(Saved entries)
▼

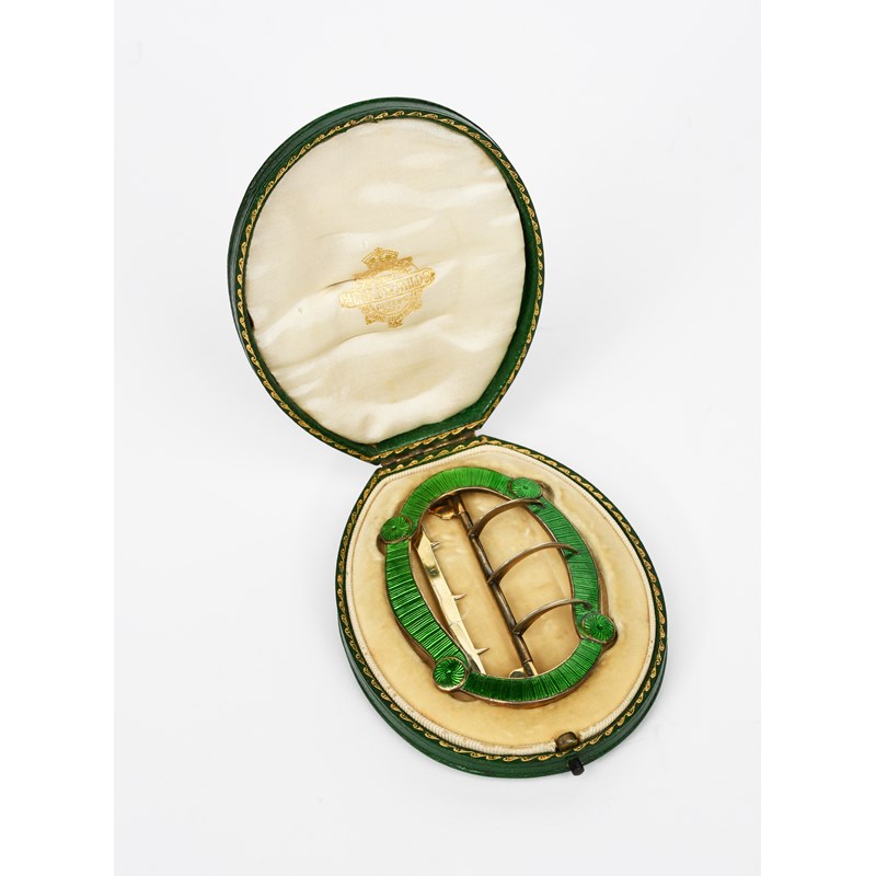 A Child and Child silver and green enamel buckle, in original presentation case, stamped marks,
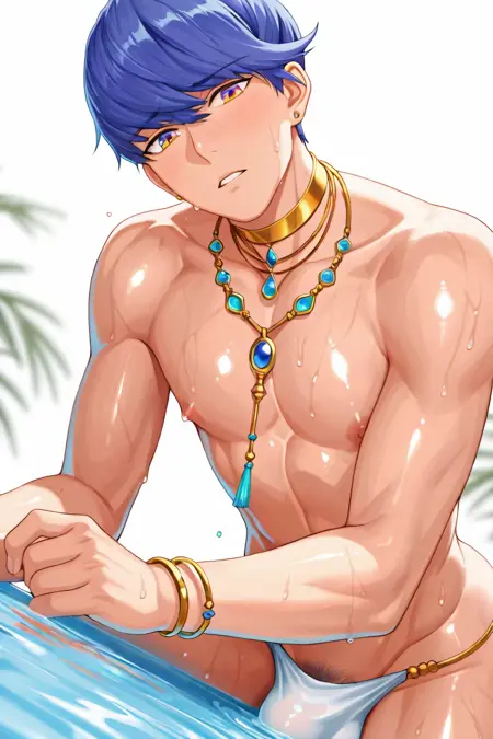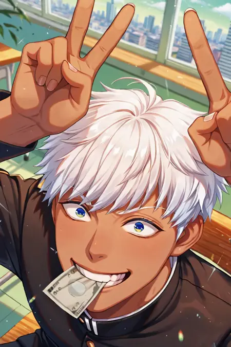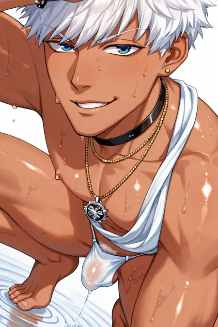 mammon-dark-skinned_6thmale focus, white_mammon_6thmale-hair, blue_mammon_6thmale-eyes
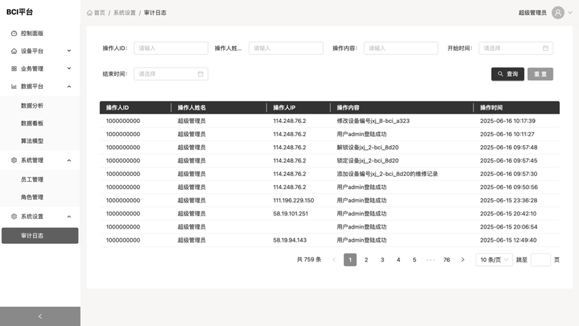 * 审计日志 查看平台用户操作日志。 功能: * 搜索:可以根据操作人ID,操作人姓名,操作内容,开始和结束时间进行搜索。
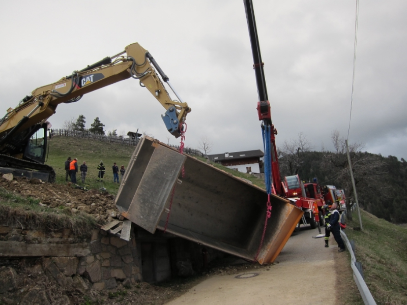 Das Schwerfahrzeug war beim Entladevorgang von Erde auf einem abschüssigen Feldweg umgekippt und auf die darunterliegende Straße, welche zum Gamperhof führt, gefallen.
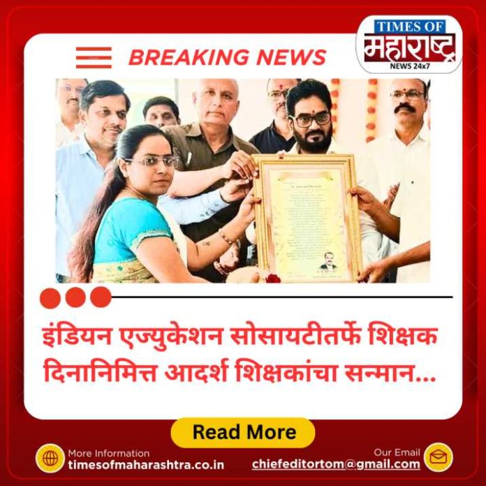 पुणे (टाईम्स ऑफ महाराष्ट्र नॅशनल न्युज चॅनेल):- इंडियन एज्युकेशन सोसायटीतर्फे शिक्षक दिन २०२५ चे औचित्य साधून मराठी व इंग्लिश माध्यमातील शिक्षकांचा सन्मान करण्यात आला. मराठी विभागातून श्री खांबे सर तर इंग्लिश विभागातून आशा म्हस्के यांना आदर्श शिक्षक म्हणून आमदार योगेश टिळेकर यांच्या हस्ते गौरविण्यात आले.
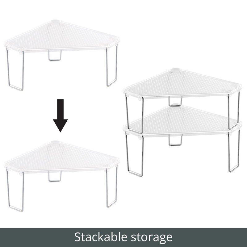 - COMPACT DESIGN: Corner design is ideal for smaller spaces; Non-slip feet keep the storage shelf from slipping, especially when stacked while also protecting your counter surfaces from scratches; Fold the shelf flat for space-saving storage when not in use; Perfect for apartments, condos, dorm rooms, RVs, cabins, campers and cabins
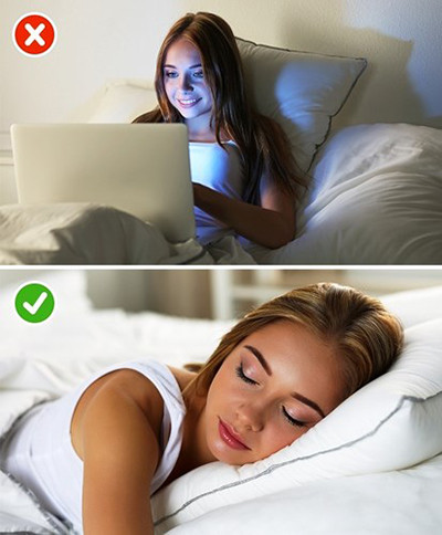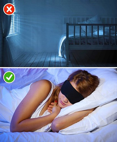 Ngay cả ánh sáng nhỏ nhất từ đèn LED của các thiết bị điện làm rối loạn giấc ngủ của bạn. Nên loại bỏ tất cả các nguồn ánh sáng, hoặc đeo bịt mắt khi đi ngủ.
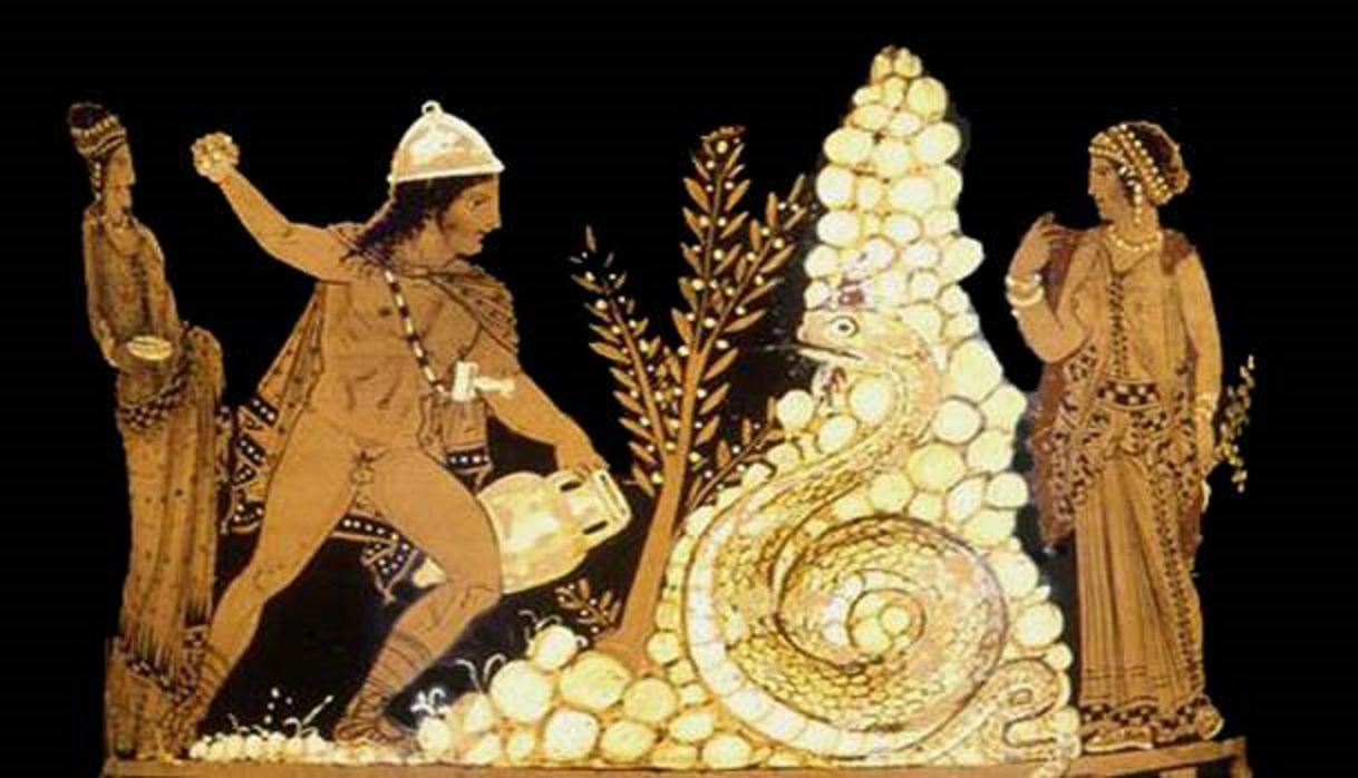 «και ο γιός του Αγήνορα Κάδμος, έσπειρε τα δόντια στην Αονία πεδιάδα και δημιούργησε τους ανθρώπους που γεννήθηκαν από την γη …» (Απολλώνιος Ρόδιος – Αργοναυτικά, 3.1185).
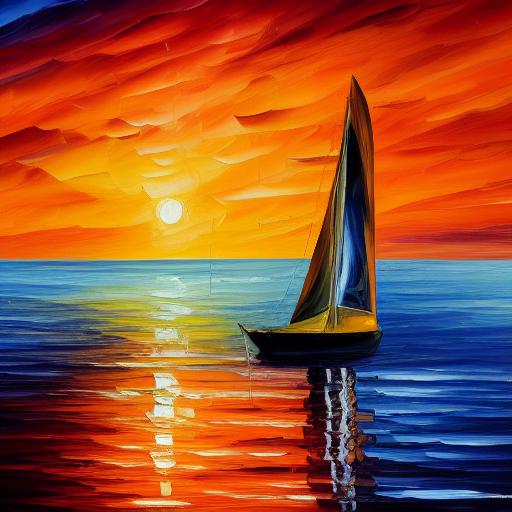 A painting of a sailboat with orange sunset in the sea
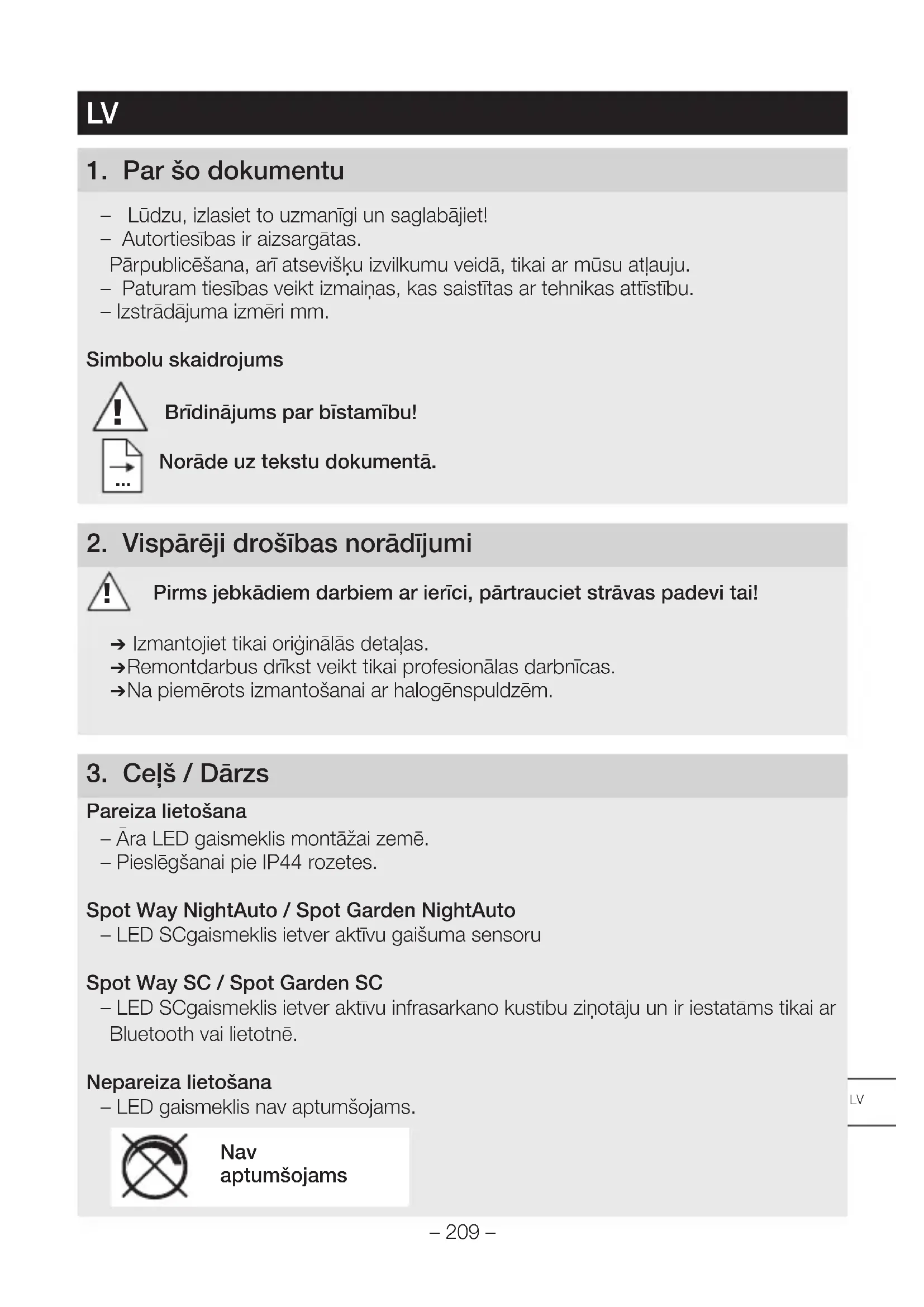 Pareiza lietošana – Āra LED gaismeklis montāžai zemē. – Pieslēgšanai pie IP44 rozetes. Spot Way NightAuto/Spot Garden NightAuto – LED SCgaismeklis ietver aktīvu gaišuma sensoru Spot Way SC/Spot Garden SC – LED SCgaismeklis ietver aktīvu infrasarkano kustību ziņotāju un ir iestatāms tikai ar Bluetooth vai lietotnē. Nepareiza lietošana – LED gaismeklis nav aptumšojams. Nav aptumšojams LV– 210 – Piegādes apjoms Spot Way (3.1 Att.) – Gaismeklis, iekļaujot kāju, grīdas pamatni un pieslēguma kabeli ar kontaktdakšu – Trīs skrūves – Trīs dībeļi Piegādes apjoms Spot Garden (3.2 Att.) – Gaismeklis, iekļaujot pieslēguma kabeli ar kontaktdakšu – Pīķis nostiprināšanai zemē – Divas skrūves Preces izmēri Spot Way (3.3 Att.) Preces izmēri Spot Garden (3.4 Att.) Informācija par preci (3.5 – 3.10 Att.) A Gaismekļa korpuss B Kustību ziņotājs (tikai Spot Way/Garden SC) C Gaišuma sensors (tikai Spot Way/Garden NightAuto) D Aptumšošanas iestatījums (tikai Spot Way/Garden NightAuto) E Kāja ar grīdas pamatni (tikai Spot ceļam) F Pīķis nostiprināšanai zemē (tikai Spot dārzam) G Tīkla pieslēguma kabelis ar kontaktdakšu Uztveres lauks Spot Way/Garden SC (3.11 – 3.16 Att.) Gaismas stipruma sadalījums (3.17 Att.)

▲

- _TASK TO COMPLETE_
Your answer must restate the entries word for word and contain no pictures.

- _OUTPUT OF THE EXERCISE_
 A Child and Child silver and green enamel buckle, in original presentation case, stamped marks,
 mammon-dark-skinned_6thmale focus, white_mammon_6thmale-hair, blue_mammon_6thmale-eyes
 * 审计日志 查看平台用户操作日志。 功能: * 搜索:可以根据操作人ID,操作人姓名,操作内容,开始和结束时间进行搜索。
 Das Schwerfahrzeug war beim Entladevorgang von Erde auf einem abschüssigen Feldweg umgekippt und auf die darunterliegende Straße, welche zum Gamperhof führt, gefallen.
 पुणे (टाईम्स ऑफ महाराष्ट्र नॅशनल न्युज चॅनेल):- इंडियन एज्युकेशन सोसायटीतर्फे शिक्षक दिन २०२५ चे औचित्य साधून मराठी व इंग्लिश माध्यमातील शिक्षकांचा सन्मान करण्यात आला. मराठी विभागातून श्री खांबे सर तर इंग्लिश विभागातून आशा म्हस्के यांना आदर्श शिक्षक म्हणून आमदार योगेश टिळेकर यांच्या हस्ते गौरविण्यात आले.
 - COMPACT DESIGN: Corner design is ideal for smaller spaces; Non-slip feet keep the storage shelf from slipping, especially when stacked while also protecting your counter surfaces from scratches; Fold the shelf flat for space-saving storage when not in use; Perfect for apartments, condos, dorm rooms, RVs, cabins, campers and cabins
 Ngay cả ánh sáng nhỏ nhất từ đèn LED của các thiết bị điện làm rối loạn giấc ngủ của bạn. Nên loại bỏ tất cả các nguồn ánh sáng, hoặc đeo bịt mắt khi đi ngủ.
 «και ο γιός του Αγήνορα Κάδμος, έσπειρε τα δόντια στην Αονία πεδιάδα και δημιούργησε τους ανθρώπους που γεννήθηκαν από την γη …» (Απολλώνιος Ρόδιος – Αργοναυτικά, 3.1185).
 A painting of a sailboat with orange sunset in the sea
 Pareiza lietošana – Āra LED gaismeklis montāžai zemē. – Pieslēgšanai pie IP44 rozetes. Spot Way NightAuto/Spot Garden NightAuto – LED SCgaismeklis ietver aktīvu gaišuma sensoru Spot Way SC/Spot Garden SC – LED SCgaismeklis ietver aktīvu infrasarkano kustību ziņotāju un ir iestatāms tikai ar Bluetooth vai lietotnē. Nepareiza lietošana – LED gaismeklis nav aptumšojams. Nav aptumšojams LV– 210 – Piegādes apjoms Spot Way (3.1 Att.) – Gaismeklis, iekļaujot kāju, grīdas pamatni un pieslēguma kabeli ar kontaktdakšu – Trīs skrūves – Trīs dībeļi Piegādes apjoms Spot Garden (3.2 Att.) – Gaismeklis, iekļaujot pieslēguma kabeli ar kontaktdakšu – Pīķis nostiprināšanai zemē – Divas skrūves Preces izmēri Spot Way (3.3 Att.) Preces izmēri Spot Garden (3.4 Att.) Informācija par preci (3.5 – 3.10 Att.) A Gaismekļa korpuss B Kustību ziņotājs (tikai Spot Way/Garden SC) C Gaišuma sensors (tikai Spot Way/Garden NightAuto) D Aptumšošanas iestatījums (tikai Spot Way/Garden NightAuto) E Kāja ar grīdas pamatni (tikai Spot ceļam) F Pīķis nostiprināšanai zemē (tikai Spot dārzam) G Tīkla pieslēguma kabelis ar kontaktdakšu Uztveres lauks Spot Way/Garden SC (3.11 – 3.16 Att.) Gaismas stipruma sadalījums (3.17 Att.)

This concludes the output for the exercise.